A green light flashed. The outer hatch cracked open with a burst of escaping air vapor. Michael practically fell into the airlock chamber, dragging his tether behind. His boots hit the floor and he collapsed to his knees.

"Airlock sealed," he panted to himself as he slammed the close button. He hoped the system would transmit an automatic signal to the bridge that he was in. The outer door thumped shut, and blessed shadow enclosed him.

Michael's ears rang. He stayed on hands and knees as the chamber re-pressurized, feeling gravity's gentle tug from the station's rotation. Even through his suit, he felt the vibration of the pumps equalizing pressure. It seemed to take ages.

He coughed; the helmet's air tasted metallic, over-oxygenated. "I made it… I made it," he murmured. His voice sounded distant to him.

A loud clang indicated the inner door unlocking. Through the visor, Michael saw the outline of the hatch swing inward. Figures rushed toward him.

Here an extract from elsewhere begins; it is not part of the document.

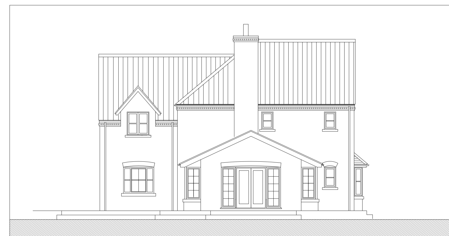
West Elevation 1:100

"Elena…?" he managed, but he could barely keep his eyes open now. His head felt thick, a leaden weight. Two crew members – he couldn't tell who in his haze – grabbed him under the arms and pulled him out of the airlock.

The world tilted. Michael's vision blurred as he was half-dragged, half-floated down the corridor. He caught a glimpse of Dr. Whitaker's face through her visor – they must have donned lightweight haz suits to protect from his irradiated suit. Her eyes were wide with concern, mouth moving, but he heard nothing except the thumping of his own pulse.

They wrestled him onto a gurney. Michael tried to speak, but a wave of exhaustion and nausea washed over him. His body felt like it was on fire now that adrenaline ebbed – the radiation dose was significant, he knew by the weakness in his limbs. He let himself sink back, staring up at the ceiling lights that flashed by as they rushed him to medbay. The lights seemed to streak and double, halos dancing.

As consciousness slipped, fragments of sound came back: Dr. Whitaker giving orders, something about "IV lines" and "neuro check." Someone – Devon? – saying "Hang in there, man." Michael tried to form words, but only a groan escaped.

He felt hands removing his helmet. Cool air hit his sweat-soaked hair. His eyes closed despite his efforts. The last thing he registered was Dr. Whitaker's face hovering over him, a penlight in hand, her voice calm and firm: "Michael, stay with me. Follow my voice."